One of the main problems with growth is that it hurts. Not just physical pain, as some teenagers experience when their joints and bones grow. It also hurts emotionally, through hormonal changes, disappointments and the inevitable disappointment that comes from interactions and work with others. But it prepares us for future challenges, teaches us to plan and trust lucidly, and to learn about our own limits.


This little story seems to be the perfect analogy to describe the process in which the Frente Amplio finds itself today. A hundred days after becoming the most successful far-left coalition since the return to democracy, it finds itself entangled in its own unforced errors.

Unlike the former Concertación and its heiress, Nueva Mayoría, forged from the eaves of experienced politicians who were part of their career before the dictatorship and in clandestinity, the FA grows from the universities. The student movement, for years, was co-opted by the Concertación, which was very efficient in keeping leftist organizations at bay and fostering their internal divisions. For this reason, the recent suspension of the FECh president and the freezing of relations between the two main actors in the FA, the Autonomist Movement of Boric and the Democratic Revolution of Jackson, are symptomatic of the immaturity shown by their sector.

That same immaturity led them to make a hasty constitutional accusation against the Minister of Health, which was quickly dismissed by the Chamber of Deputies for it not complying with formal requirements. The precocious act was to try to show vigilante force before even talking to the other opposition forces. The FA, like any teenager, still does not learn the need for coordination and teamwork. It still has not overcome its own individuality.

The learning shown by their most visible faces – Boric, Jackson, Mirosevic – does not seem to have reached the foundations of the conglomerate. The new congressmen are uncoordinated and more likely to mobilize individual causes than a large political agenda.
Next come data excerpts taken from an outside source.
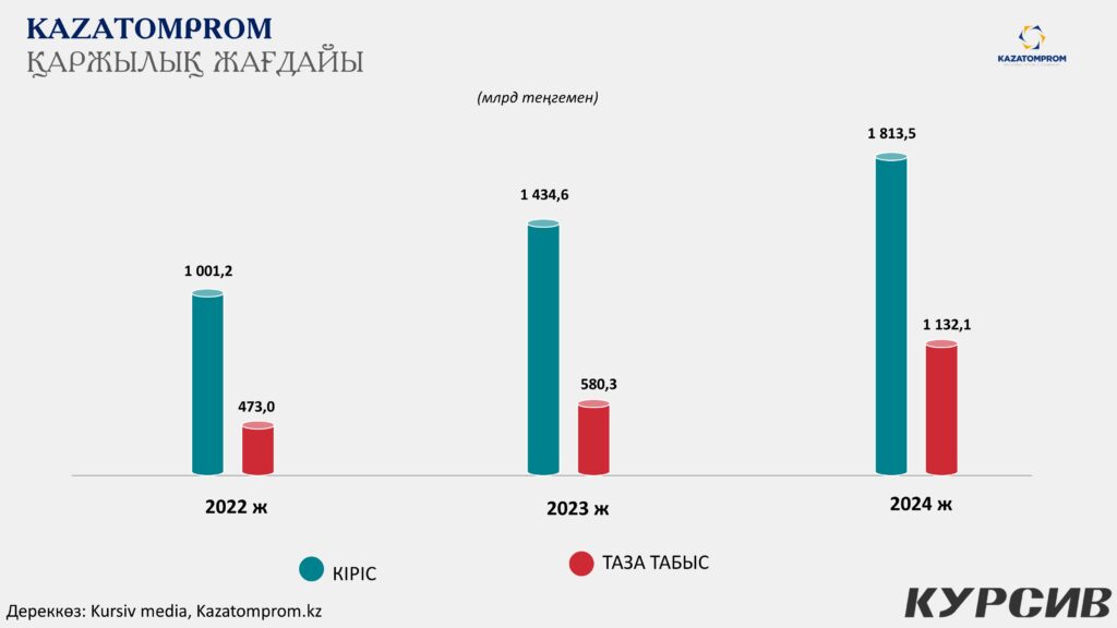 2024 жылы «Қазатомөнеркәсіптің» кірісі 1,81 трлн теңгеге жетіп, бір жылда 26,5%-ға өсті.
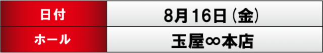 8月16日、玉屋創業71周年を記念した玉屋×DMMぱちタウンのコラボ企画「たまピー来店取材」が『玉屋∞本店』にて実施された。当日は玉屋創業71周年という大きな節目を迎えるにあたり、朝から約1600人と設置台数を遥に超えるファンが集結。スロットコーナー・パチンココーナーともにほぼ満台でスタートとなった。果たしてどのような1日になったのか…以下から出玉詳細データとともに店内の様子をお伝えしていこう!
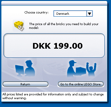 Check price (Узнать цену) - (Ctrl-B/Cmd-B) Получить оценочную стоимость своей модели. Из окна Проверки цены можно перейти в LEGO Store на LEGO.com. |
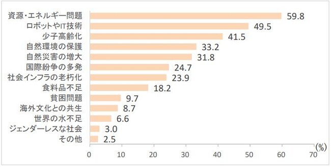 ●持続可能な社会への関心が高い・・・・・「資源・エネルギー問題」への関心59.8%
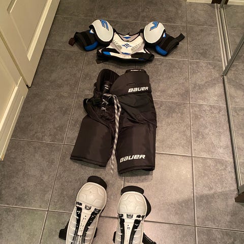 Jääkiekko varusteita. Tosi hyvässä kunnossa. Suunnilleen C juniori kokoa.
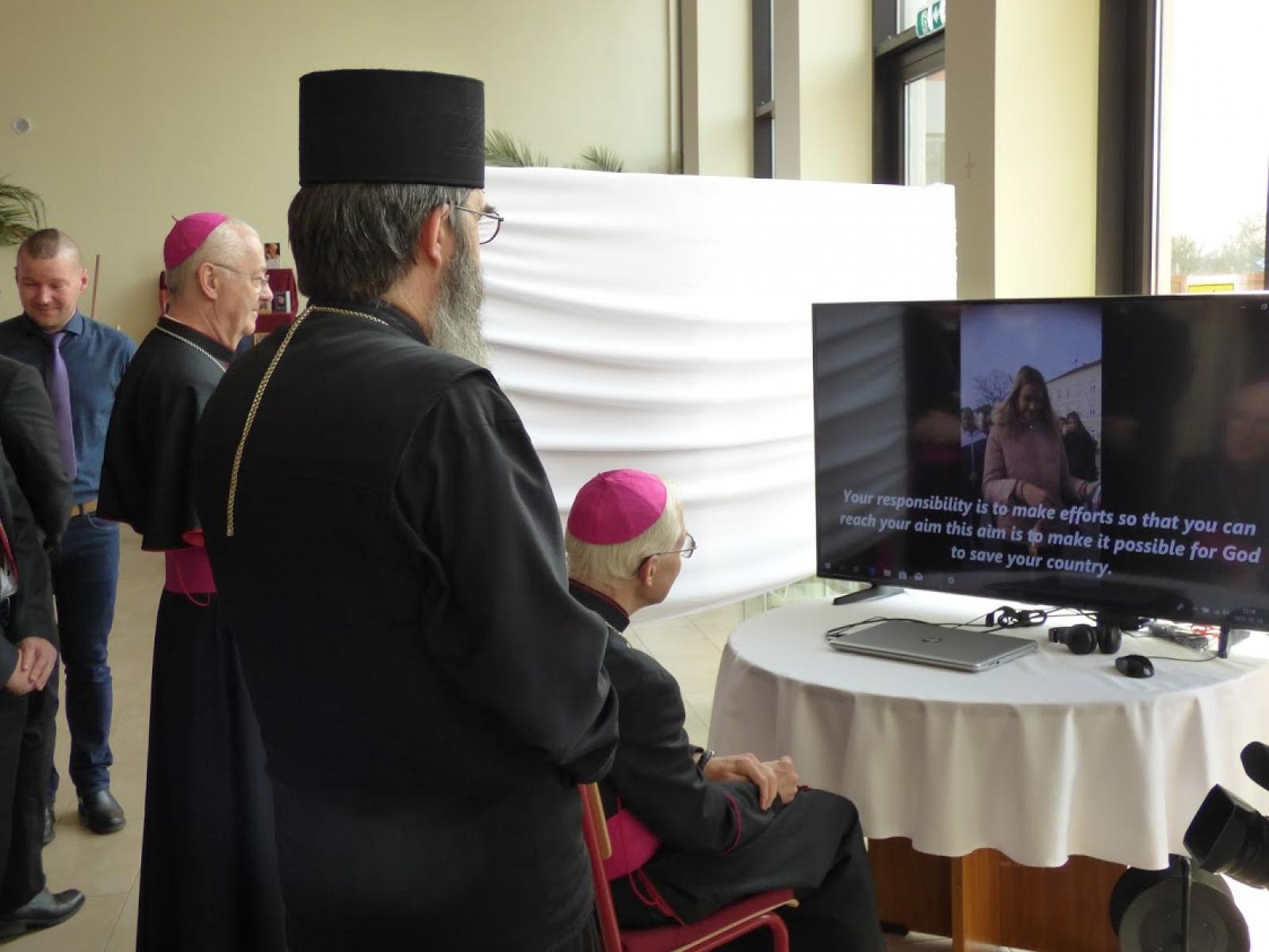 A hivatalos látogatás a Szent János Görögkatolikus Gimnázium, Szakgimnáziumban folytatódott. A középiskola közössége egy héten át látható kiállítással tiszteleg Szent II. János Pál pápa előtt, születésének századik évfordulóján. Edelény városát a szentté avatott egyházfő oltalmába ajánlották tavaly augusztusban. A kiállítás kapcsán Michael August Blume munkásságának azon időszakáról mesélt a fiataloknak, amikor János Pál pápa mellett tevékenykedett. Majd a gyerekek nagy lelkesedéssel mutatták meg a pápai nagykövetnek a kiállítás interaktív részét is.
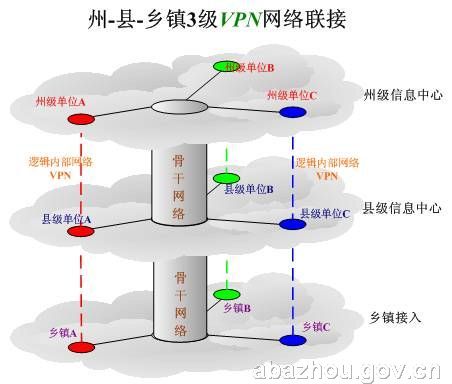 阿坝州电子政务外网采用“王”字型广域网络结构,电子政务外网采用核心层、汇聚层、接入层典型的三层结构,各个接入单位的局域网构成用户层。核心层使用ATM链路,完成各个节点之间的数据交换,汇聚层完成各接入用户的数据汇总,通过一条线路送到骨干层。我州电子政务外网采用VPN技术。通过VPN服务,为各个接入单位实现透明的“纵网”联接;并通过VPN 技术建设“横网”。各个“纵网”之间实现了IP地址的重叠,原则上“纵网”保留其系统内部规划的IP使用方案。
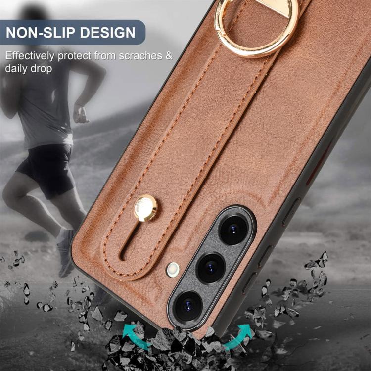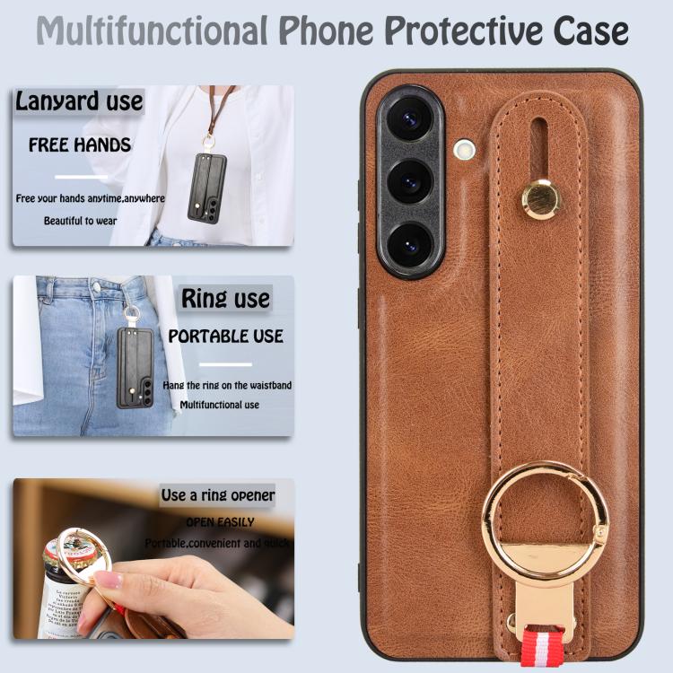 For Samsung Galaxy S25+ 5G Wristband Leather Back Phone Case(Brown)

This is what the government should see as an opportunity. The FA has a number of key votes that can weaken the Executive’s initiatives. For this reason, the negotiation has to go directly to some members of the coalition, at least during the adolescence of the bloc.

The FA has a small window of opportunity. The first 100 days served to stretch its muscles and test its own strength. But now that the excitement of victory is dissipating, it’s time to learn from its own limitations. If not, it will be like those football players who never cease to be an eternal promise.